→ **Required work**: Only one span of the material below is wanted. Output it exactly, from the line with "2. -- Take/create" through the line with "Ingrédients : Eau, pousses", without any pictures.

→ **Data for this exercise**:

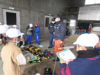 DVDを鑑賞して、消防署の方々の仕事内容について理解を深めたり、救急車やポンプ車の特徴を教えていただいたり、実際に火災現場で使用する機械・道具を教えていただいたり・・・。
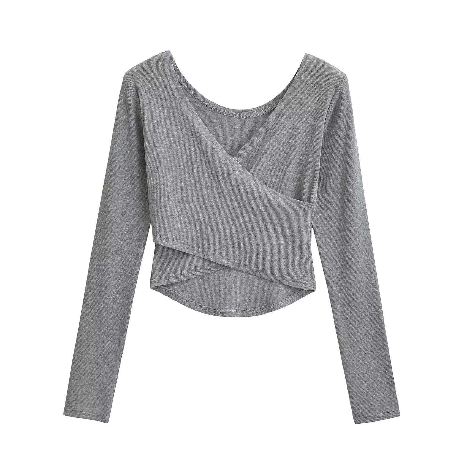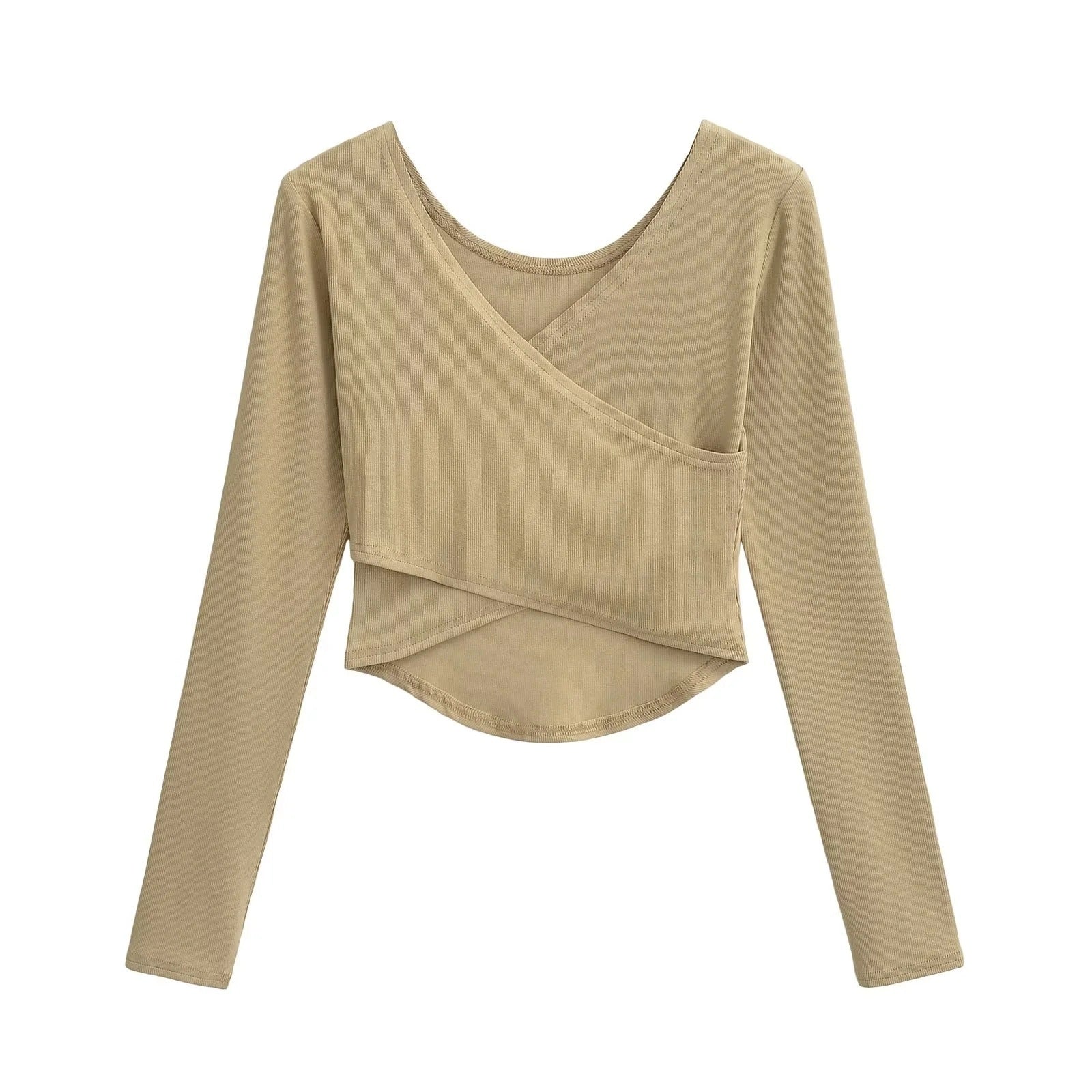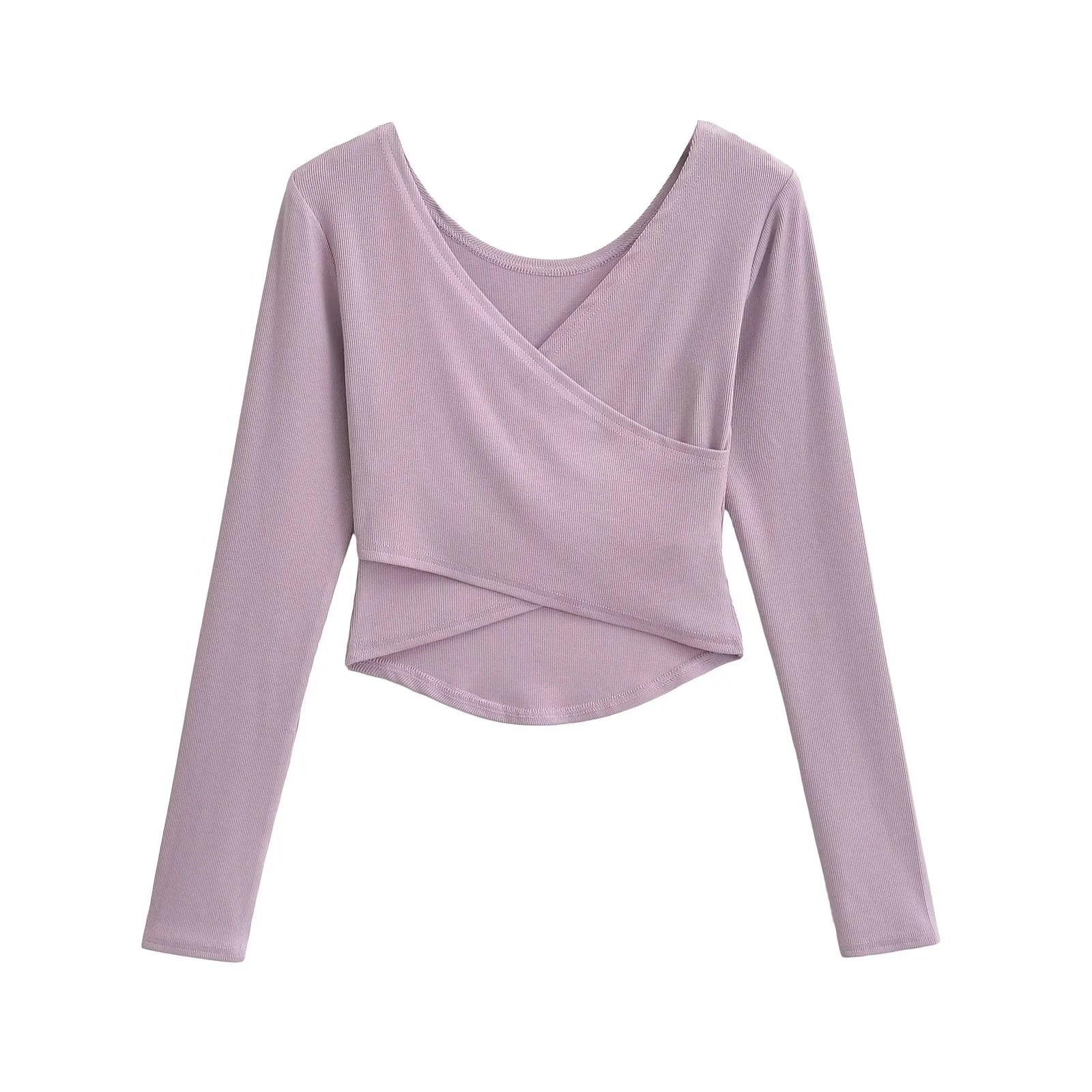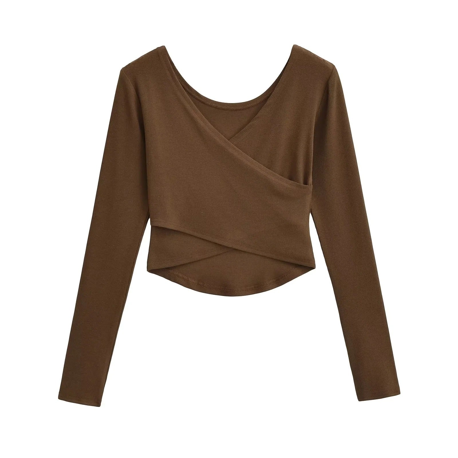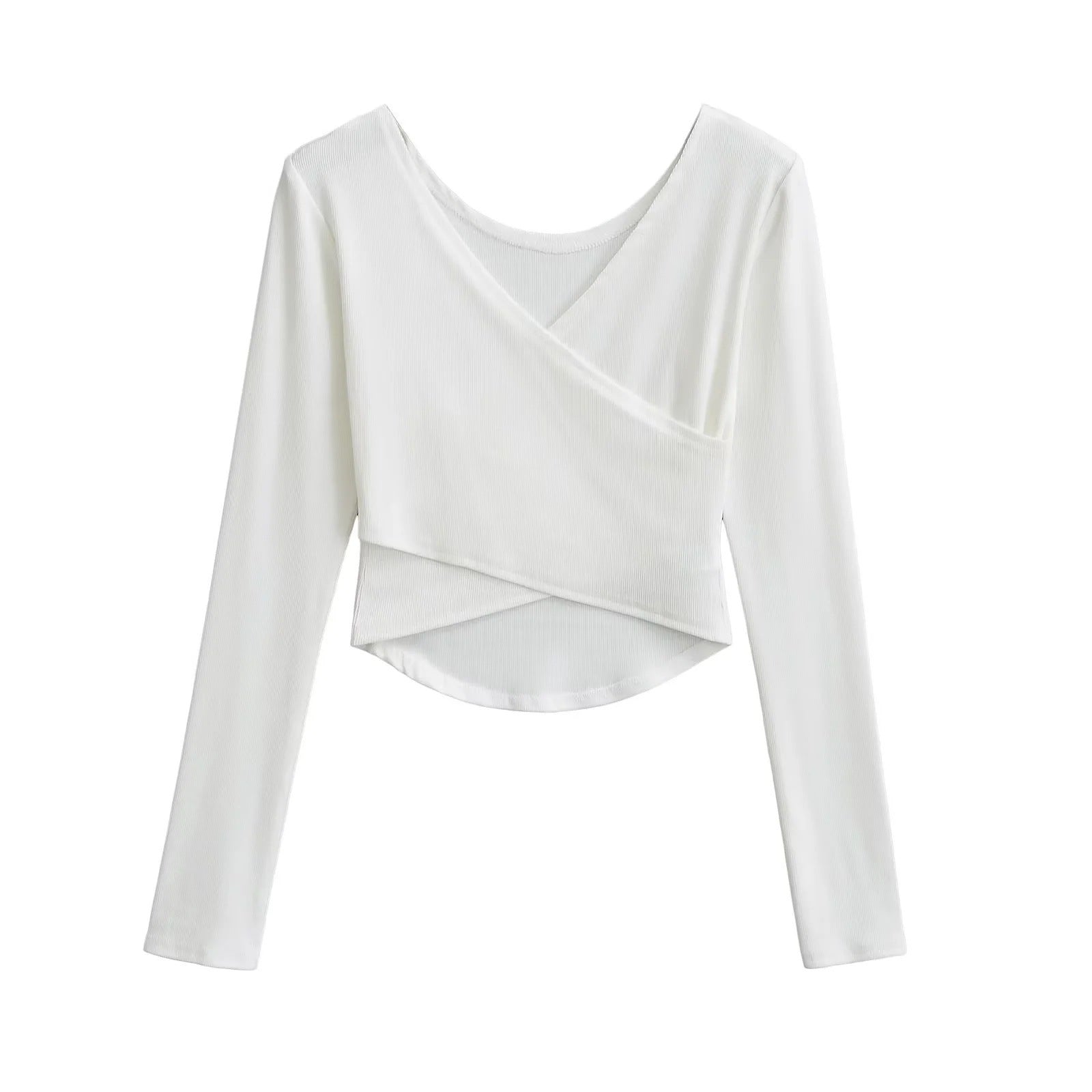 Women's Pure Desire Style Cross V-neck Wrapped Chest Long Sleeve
--
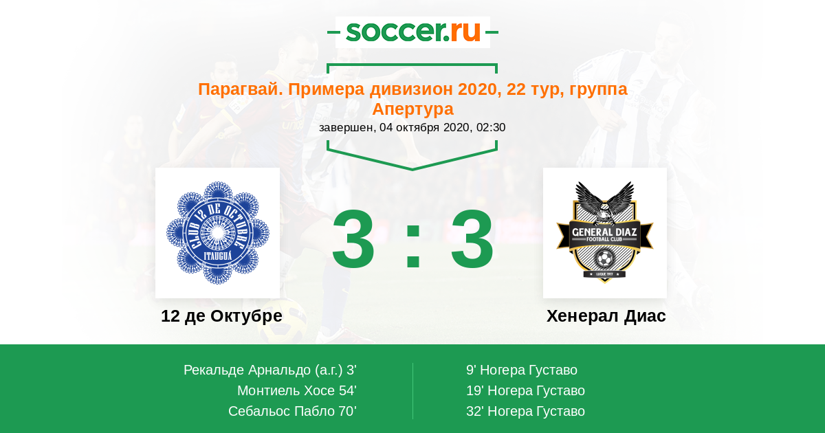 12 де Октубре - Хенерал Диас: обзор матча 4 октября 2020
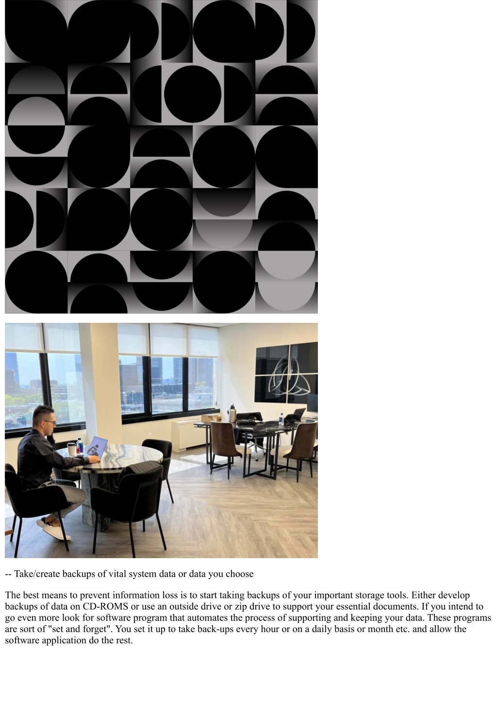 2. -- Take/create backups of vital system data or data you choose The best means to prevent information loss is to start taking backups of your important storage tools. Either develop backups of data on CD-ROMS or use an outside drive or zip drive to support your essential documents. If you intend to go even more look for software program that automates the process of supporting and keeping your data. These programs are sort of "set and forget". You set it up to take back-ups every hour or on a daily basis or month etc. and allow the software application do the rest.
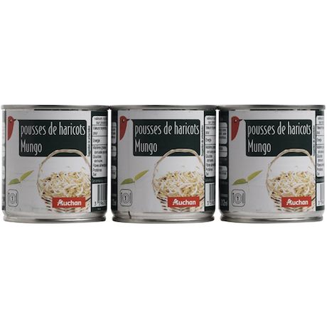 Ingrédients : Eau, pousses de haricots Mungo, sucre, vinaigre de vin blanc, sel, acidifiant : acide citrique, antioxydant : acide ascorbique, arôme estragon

→ **Reply**:
 2. -- Take/create backups of vital system data or data you choose The best means to prevent information loss is to start taking backups of your important storage tools. Either develop backups of data on CD-ROMS or use an outside drive or zip drive to support your essential documents. If you intend to go even more look for software program that automates the process of supporting and keeping your data. These programs are sort of "set and forget". You set it up to take back-ups every hour or on a daily basis or month etc. and allow the software application do the rest.
 Ingrédients : Eau, pousses de haricots Mungo, sucre, vinaigre de vin blanc, sel, acidifiant : acide citrique, antioxydant : acide ascorbique, arôme estragon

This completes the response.